Страница 3 из 39
«Ну, пусть это письмо, — говорил он себе, — прохладненькое, зато вот это прямо-таки греет, такое оно горячее. Оно, наверно, от чьей-нибудь мамочки!»
И вот однажды сортировал он на почте корреспонденцию, которую вынул из почтового ящика, чтобы разнести её людям.
— Батюшки-светы, — сказал он вдруг, — вот письмо в заклеенном конверте, но на этом конверте нет ни адреса, ни марки!
— А-а, — сказал пан почтмейстер, — опять кто-то опустил в ящик письмо без адреса!!
А в это время как раз на почте один человек отправлял своей матери заказное письмо; он это услыхал и говорит:
— Да разве бывают такие ослы, лопухи, разини, тюфяки, верблюды и олухи царя небесного, чтобы послать письмо и даже адреса на нём не написать?

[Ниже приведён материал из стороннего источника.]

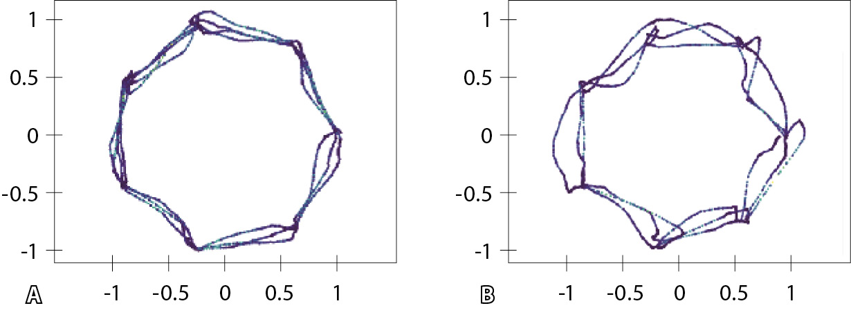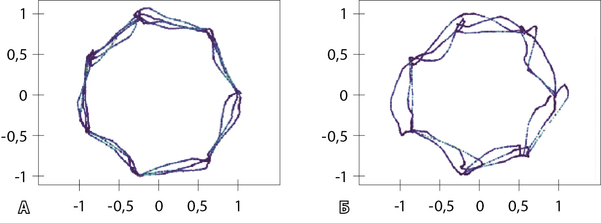 Рис. 2. Траектория выполнения задания: А – здоровым испытуемым, Б – пациентом с рассеянным склерозом
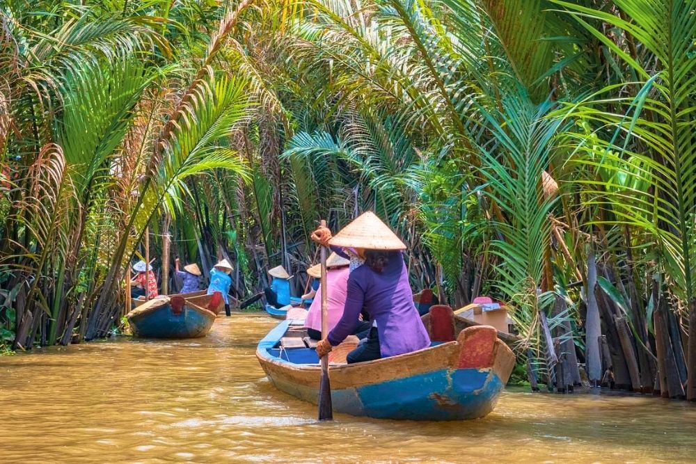 Mekong delta is known as The Nine Dragon River delta since it is formed by nine rivers. The background of this area is the largest site of endless paddy fields, coconut farms, tropical gardens. Morning, drive to My Tho, known as the "rice basket" in Vietnam. Upon arrival Cruising through Mekong River, passing a fishing village. Visiting some small islets as Turtle, Dragon, Phoenix Island,.. under a green canopy of water coconut trees. Walking through some villages to a fruit garden. Taste tropical fruits, while having live traditional music. Have honey tea. Short rowing boat ride, enjoy the nice boat ride through natural island and canals in Ben Tre under the shadow of the water coconut trees...
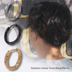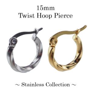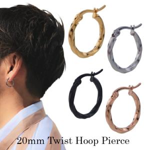 フープピアス メンズ ステンレス ツイスト ピアス メンズ フープ ピアス ゴールド シルバー メンズ ピアス 金属アレルギー対応 直径15mm 片耳価格
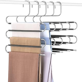 DOIOWN スラックスハンガー ズボンハンガー ズボン掛け 2本組 ハンガー S字型 ステンレス 省スペース すべらない クローゼット 収納 5連 ネクタイ タオル ハンガー
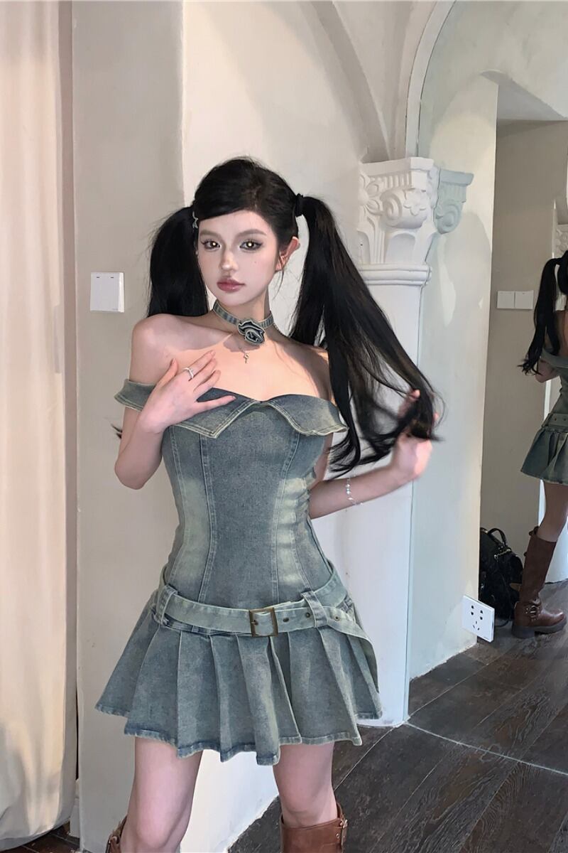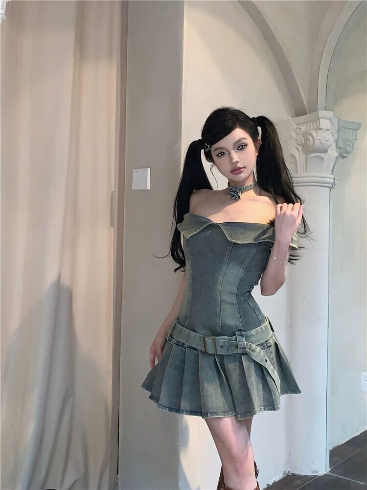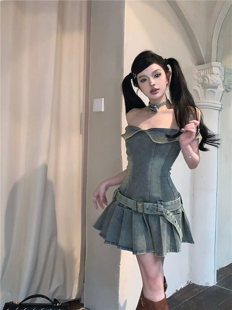ワンショルダーデニムドレスレディース夏スリムレトロプリーツスカートデザインセンスアメリカンベルトチューブトップスカート サマー 夏物 ハーネス bstraw40901322841 | beaute25
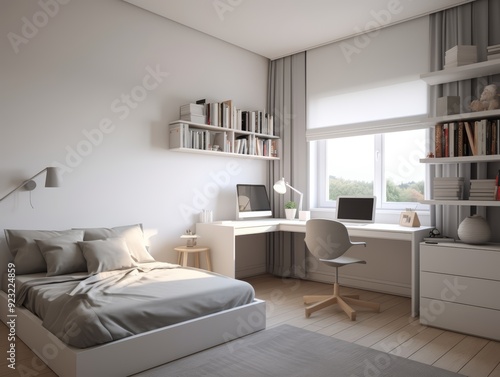Fototapeta premium Minimalist bedroom interior design with white bed, desk, and shelves.
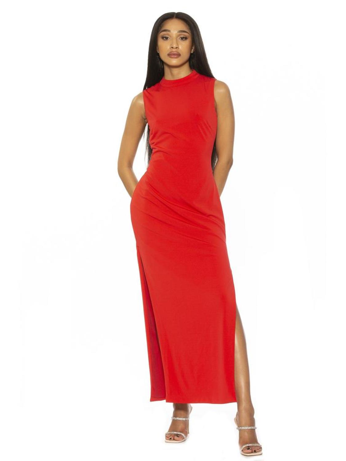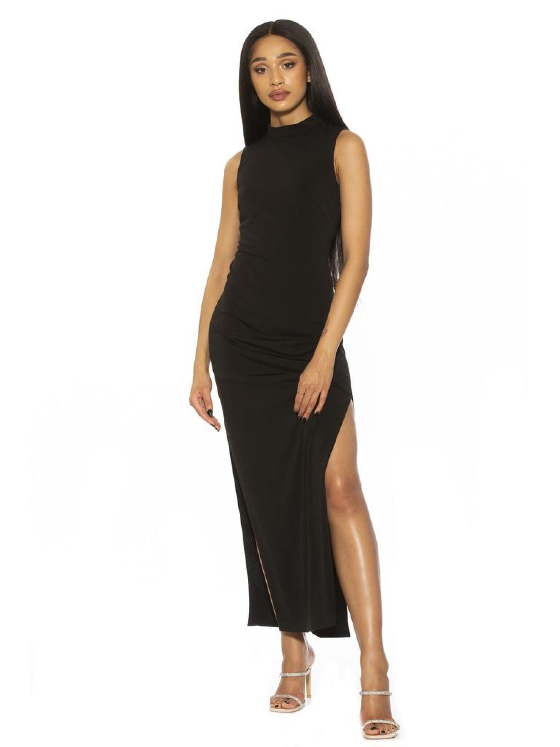 Sleeves are cancelled. The Violet is a sleeveless, maxi dress with a mock neckline, and an open back with a tie detail.PRODUCT FEATURES Mock neck?� Sleevless Back tie?� Back Cutout?� High Leg Slit?� Maxi Dress 95% Polyester, 5% Spandex Lining - 100% Polyester Machine Wash Imported Style D3987

— Ого! — сказал почтмейстер. — Да таких писем за год, милостивый государь, набирается целая куча. Вы, сударь, не поверите, до чего люди рассеянны! Напишет письмо, сударь мой, и потом с ним бежит очертя голову на почту и забывает посмотреть, написан там адрес или нет! Ей-ей, сударь, это бывает чаще, чем вы думаете.
— Ну и ну! — удивлялся посетитель. — А что же вы с такими письмами делаете?

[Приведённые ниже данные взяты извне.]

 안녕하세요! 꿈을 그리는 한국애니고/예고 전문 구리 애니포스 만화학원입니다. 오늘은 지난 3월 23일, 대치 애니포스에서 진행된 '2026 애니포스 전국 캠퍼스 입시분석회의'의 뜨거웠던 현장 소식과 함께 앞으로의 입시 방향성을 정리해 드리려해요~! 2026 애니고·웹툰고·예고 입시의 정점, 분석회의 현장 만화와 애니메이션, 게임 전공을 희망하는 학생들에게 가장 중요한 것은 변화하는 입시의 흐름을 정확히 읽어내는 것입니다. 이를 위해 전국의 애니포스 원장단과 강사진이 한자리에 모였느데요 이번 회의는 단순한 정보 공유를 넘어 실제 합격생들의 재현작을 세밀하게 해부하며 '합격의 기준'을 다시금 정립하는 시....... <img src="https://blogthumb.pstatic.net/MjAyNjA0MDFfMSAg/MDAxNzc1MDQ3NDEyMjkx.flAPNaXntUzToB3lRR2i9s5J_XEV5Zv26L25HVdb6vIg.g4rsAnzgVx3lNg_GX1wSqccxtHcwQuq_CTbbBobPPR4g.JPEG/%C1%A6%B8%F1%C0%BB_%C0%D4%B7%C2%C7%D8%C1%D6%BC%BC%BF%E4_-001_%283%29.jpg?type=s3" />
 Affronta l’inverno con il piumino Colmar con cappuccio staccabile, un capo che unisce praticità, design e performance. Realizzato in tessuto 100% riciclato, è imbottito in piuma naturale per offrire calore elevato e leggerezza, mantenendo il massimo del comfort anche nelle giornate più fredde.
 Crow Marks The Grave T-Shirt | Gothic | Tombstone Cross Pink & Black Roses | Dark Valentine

— Оставляем их, сударь, лежать на почте, — отвечал почтмейстер, — потому что мы не можем их, сударь, вручить.
Кольбаба между тем повертел письмо без адреса в руке и проворчал:
— Пан почтмейстер, это письмо такое тёплое, там, наверно, написано что-то очень душевное! Я думаю, надо бы всё-таки его доставить тому, кому следует.
— Раз там не написан адрес, ничего не выйдет — и баста! — отрезал пан почтмейстер.
— Так вы бы могли это письмо распечатать, — посоветовал посетитель, — и посмотреть, кто его написал.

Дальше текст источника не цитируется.